═══ Data under study ═══

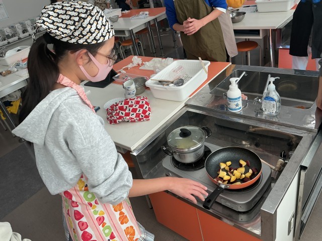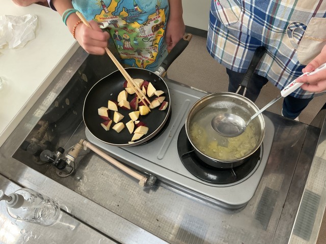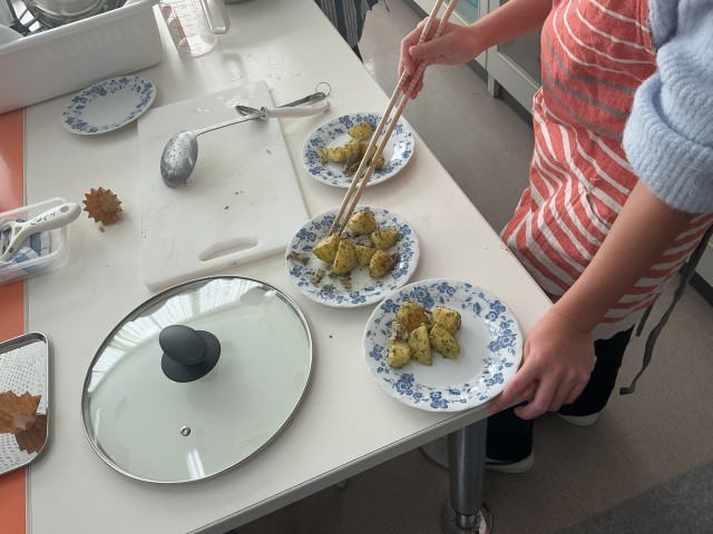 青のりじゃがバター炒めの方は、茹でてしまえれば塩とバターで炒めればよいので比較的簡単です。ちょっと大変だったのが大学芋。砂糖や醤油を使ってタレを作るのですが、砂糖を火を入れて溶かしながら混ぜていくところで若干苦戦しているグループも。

═══
═══ Data under study ═══

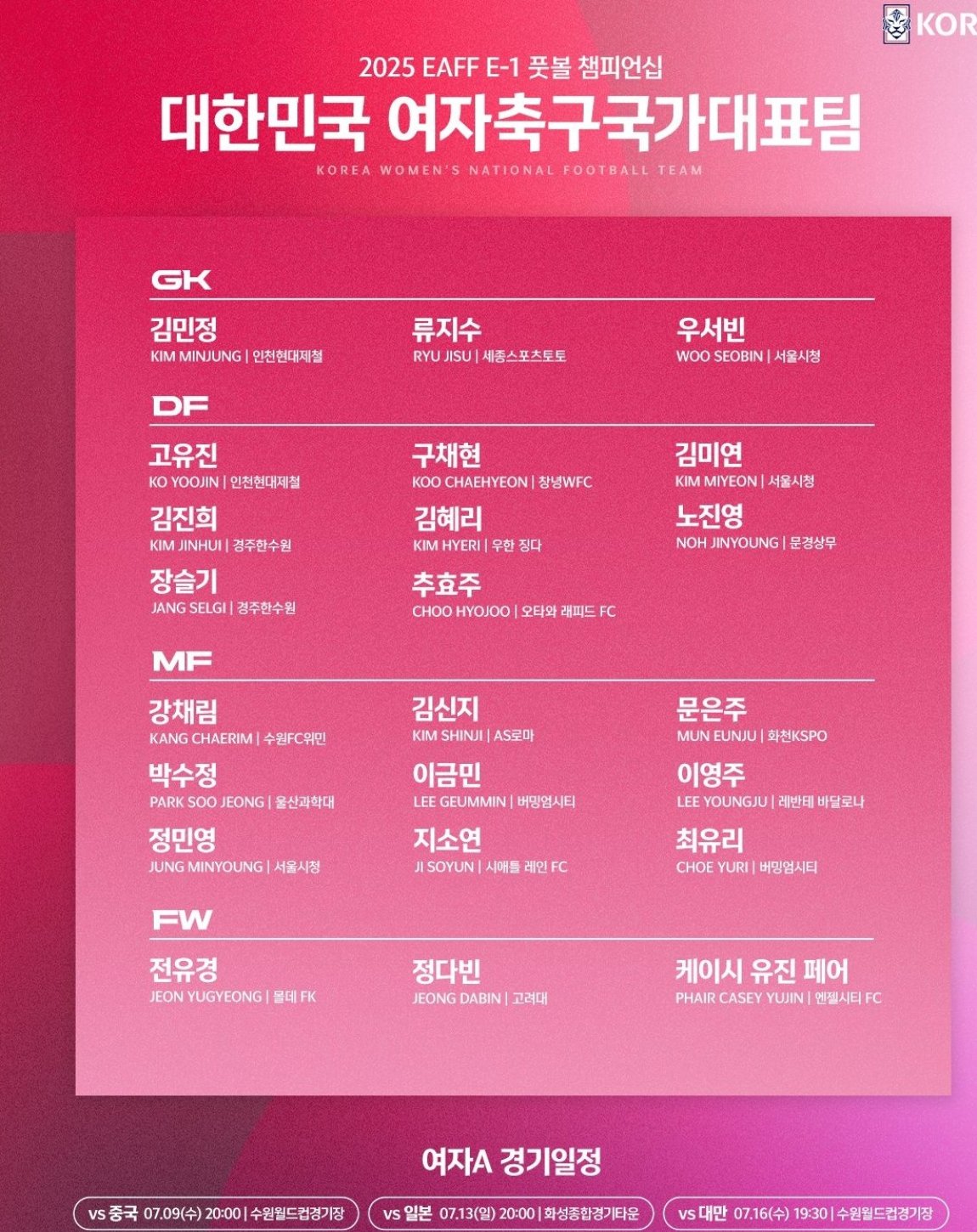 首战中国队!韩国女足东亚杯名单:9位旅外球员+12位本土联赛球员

═══
═══ Data under study ═══

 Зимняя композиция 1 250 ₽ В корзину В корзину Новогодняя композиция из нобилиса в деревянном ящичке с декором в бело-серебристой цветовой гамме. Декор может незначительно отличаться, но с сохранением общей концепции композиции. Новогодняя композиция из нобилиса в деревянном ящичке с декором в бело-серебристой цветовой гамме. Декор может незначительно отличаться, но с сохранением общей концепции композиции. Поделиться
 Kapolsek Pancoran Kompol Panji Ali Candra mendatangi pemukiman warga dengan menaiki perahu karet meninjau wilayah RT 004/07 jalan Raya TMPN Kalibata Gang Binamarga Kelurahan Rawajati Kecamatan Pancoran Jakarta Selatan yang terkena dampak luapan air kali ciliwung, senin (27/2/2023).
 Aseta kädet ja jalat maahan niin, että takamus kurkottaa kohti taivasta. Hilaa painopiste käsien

═══

__Exercise requirements__. With the line holding "Kapolsek Pancoran Kompol" as the first and the line holding "Aseta kädet ja" as the last, set down that range of the entries above exactly, and nothing else.

__Response to this exercise__.
 Kapolsek Pancoran Kompol Panji Ali Candra mendatangi pemukiman warga dengan menaiki perahu karet meninjau wilayah RT 004/07 jalan Raya TMPN Kalibata Gang Binamarga Kelurahan Rawajati Kecamatan Pancoran Jakarta Selatan yang terkena dampak luapan air kali ciliwung, senin (27/2/2023).
 Aseta kädet ja jalat maahan niin, että takamus kurkottaa kohti taivasta. Hilaa painopiste käsien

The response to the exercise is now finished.